Shoe Zone returns to profit after store closings
Shoe Zone returned to profit last year after closing loss-making stores.
The discount shoe retailer saw its shares rise on Tuesday morning after praising the recovery in sales and profitability following the impact of the pandemic.
The company posted pre-tax profit of £ 9.5million for the year ended October, down from a loss of £ 14.6million a year earlier.
It comes after the group closed some 50 unprofitable stores during the year, bringing its portfolio to 410 sites.
Shoe Zone told its shareholders that it was also stimulated by the opening of new stores in the “big box and hybrid” format from its original smaller formats.
He said the move saw the business move to better locations and allow the business to stock a greater range of styles.
The company currently has 51 large-format big box stores and plans to expand that number to 100 locations.

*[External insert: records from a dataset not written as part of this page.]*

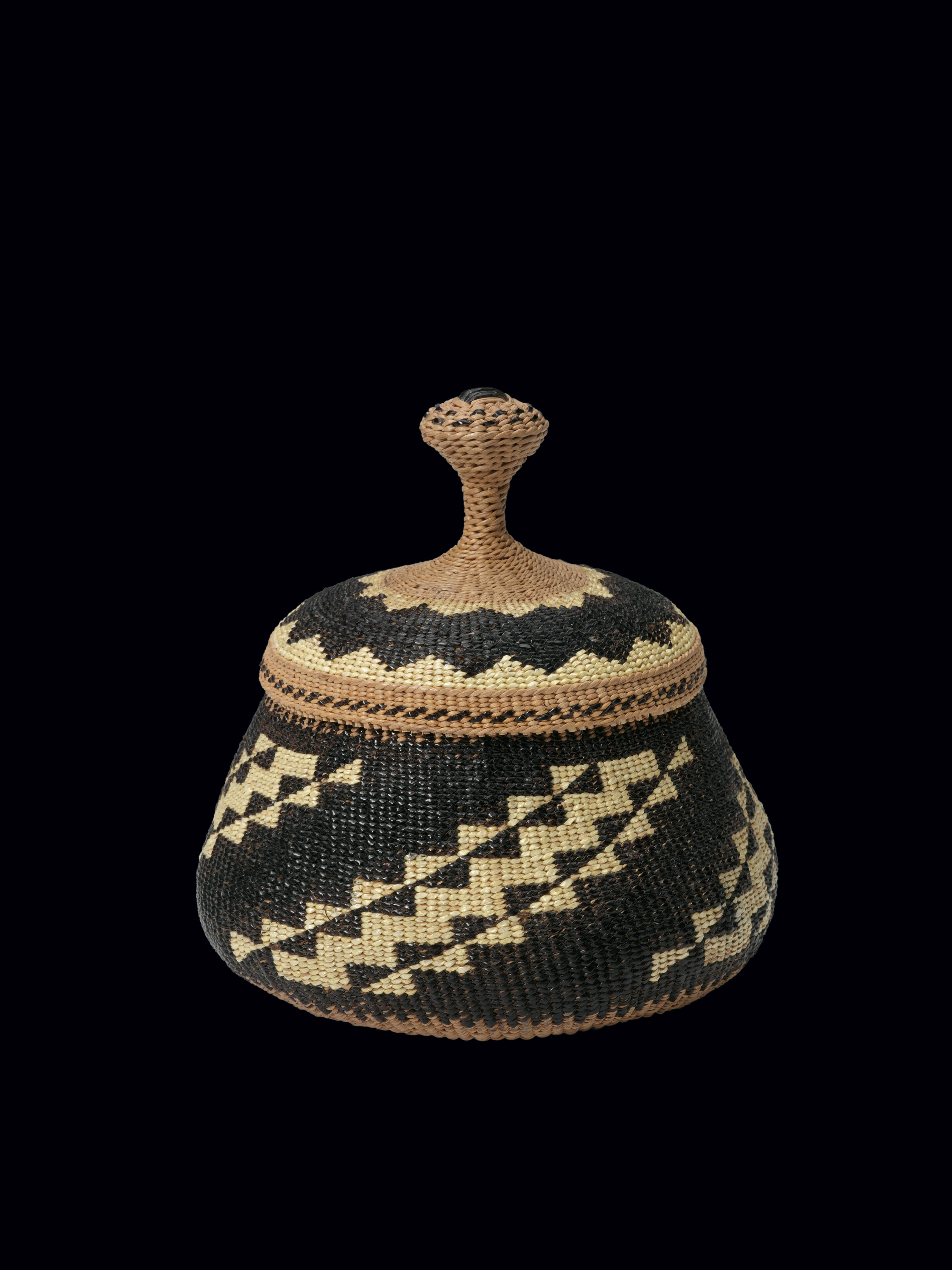 Label TextElizabeth Hickox’s command of aesthetics and her great technical abilities are clearly visible in this basket. Lidded baskets of various sizes were a specialty that she developed and represent perhaps her greatest work. Her classic designs, composed of yellow motifs on a black background, were achieved by overlaying the foundation with yellow-dyed porcupine quills and black maidenhair fern stems. In 1908 Hickox began to weave exclusively for Grace Nicholson, a Pasadena art dealer who specialized in Native American basketry. This professional arrangement continued until 1934.Exhibition History"Art of the American Indian: The Thaw Collection," The Cleveland Museum of Art, Cleveland, OH, March 2, 2010 - May 30, 2010; Minneapolis Museum of Art, Minneapolis, MN, October 24, 2010 - January 9, 2011; Dallas Museum of Art, Dallas, TX, April 24, 2011 - September 23, 2011; Indianapolis Museum of Art, Indianapolis, IN, December 4, 2011 - February 12, 2012.
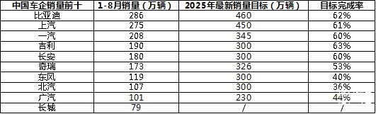 从今年1-8月份销量前十的中国车企数据来看,行业头部阵营格局清晰。比亚迪以286万辆的累计销量稳居榜首,在25年度460万辆最新销量目标中完成率达62%,在新能源赛道持续领跑;吉利汽车表现亮眼,190万辆的销量实现300万辆年度目标的63%,完成率位列前十车企首位;上汽、一汽、长安分别以275万辆、208万辆、180万辆销量,达成各自年度最新销量目标的61%、60%、60%,凭借全品类布局与新能源产品落地,维持规模优势。
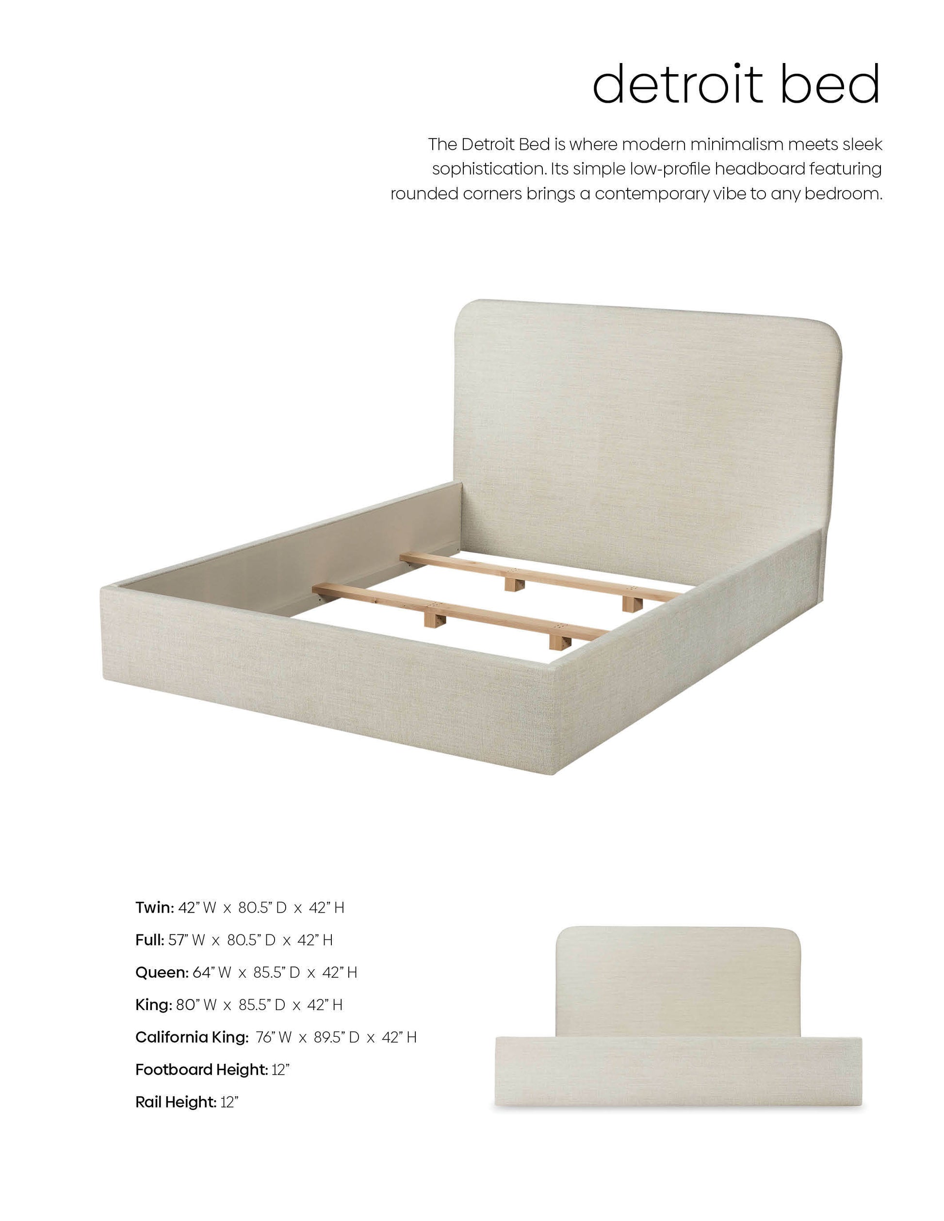 The Detroit Bed is where modern minimalism meets sleek sophistication. Its simple low-profile headboard featuring rounded corners brings a contemporary vibe to any bedroom.
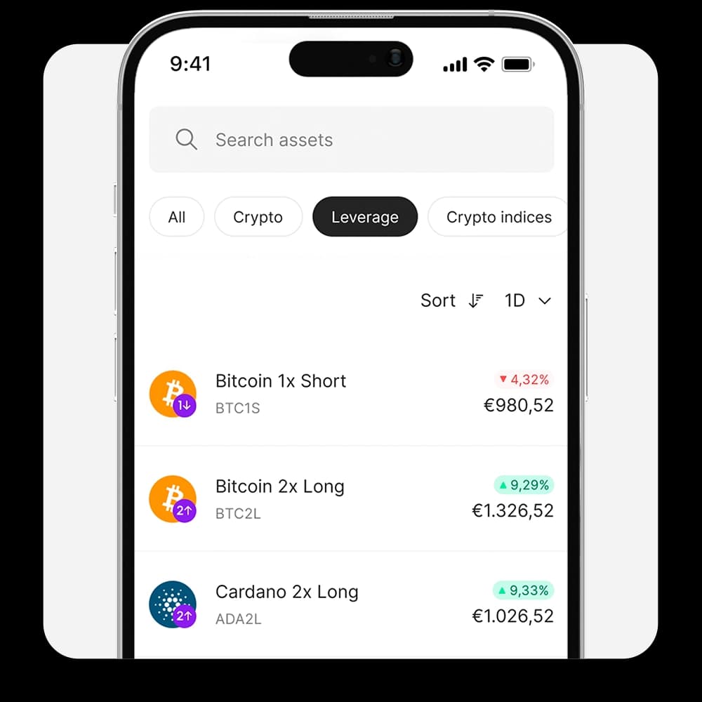 Obține expunere cu efect de levier la Bitcoin, Ethereum și alte criptomonede de top. Dacă prețul Bitcoin crește cu 10 %, prețul Bitcoin/EUR 1x Short va scădea cu 10 %, iar prețul Bitcoin/EUR 2x Long poate crește până la 20 %.
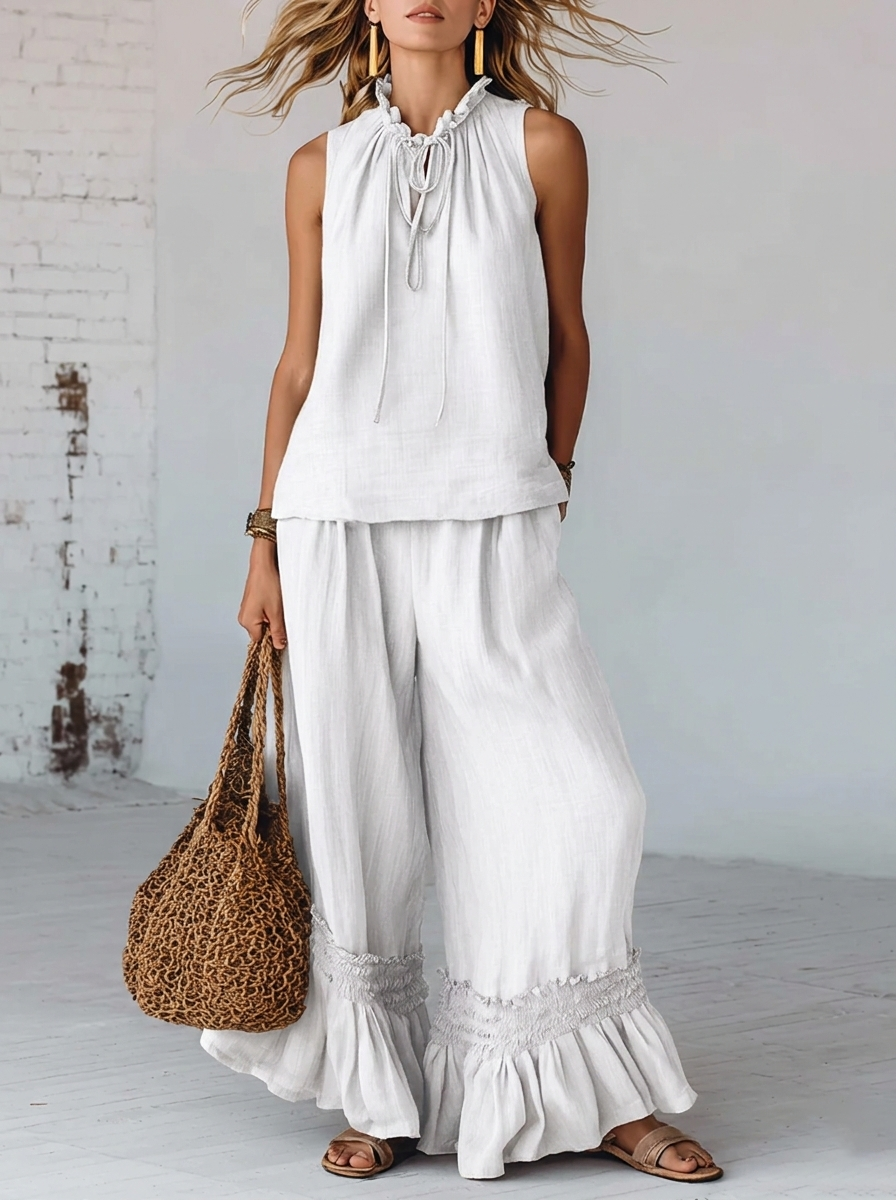 Bohemian Lace-up Blouse And Ruffled Wide-leg Pant Linen Set
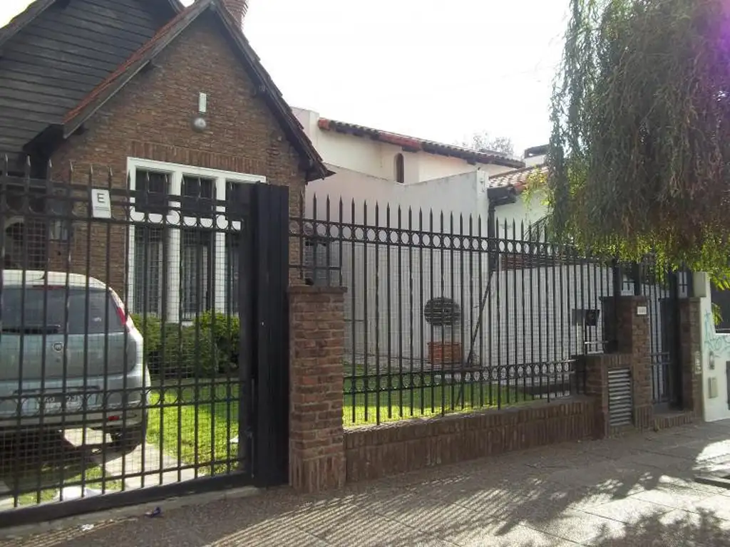jardin con entrada para dos autos, amplia recepcion, comedor diario, living con hogar, todo con pisos en madera, toillete, 3 dormitorios con placard, baño con bañera amplia cocina comedor,
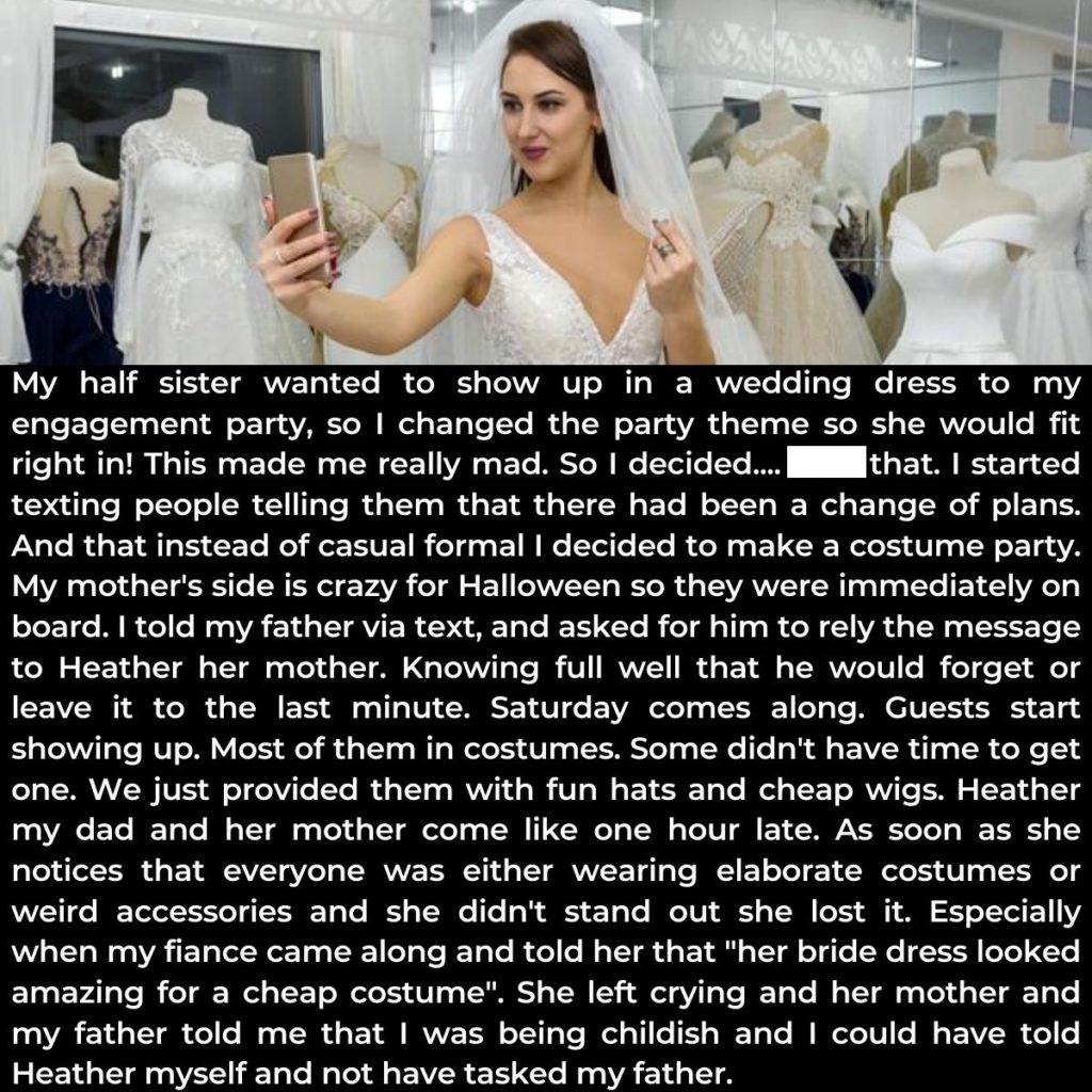 To be honest, we would probably act in the same way… In what world is it ok for someone’s half-sister to come dressed to their engagement party in a wedding dress? Sibling rivalry exists in the best of times, but for someone’s sibling to go this far surrounding a wedding that’s a little too much.

The retailer’s sales during the year fell 2.8% to £ 119.1million after being affected by long periods of forced shutdowns.
He said the closures were partly offset by an increase in digital revenues, which jumped to £ 30.5million from £ 19.3million the year before.
Anthony Smith, Managing Director of the retailer, said: “Shoe Zone has had a very successful year thanks to the hard work of our teams, reducing costs, reducing non-essential capital expenses, continuing to accelerate investments in our digital activity while improving and streamlining operations.
“The decision to invest in our infrastructure and digital operations has resulted in significant growth in online sales over the past 12 months, which allows us to continue investing in our people and our shoehub platform.
“We aim to increase drop shipping partners, marketplaces, exclusive products, brands and plan to introduce additional payment and shipping options to improve the customer experience.”
Shares of the company were up 18.6% to 140p in early trading.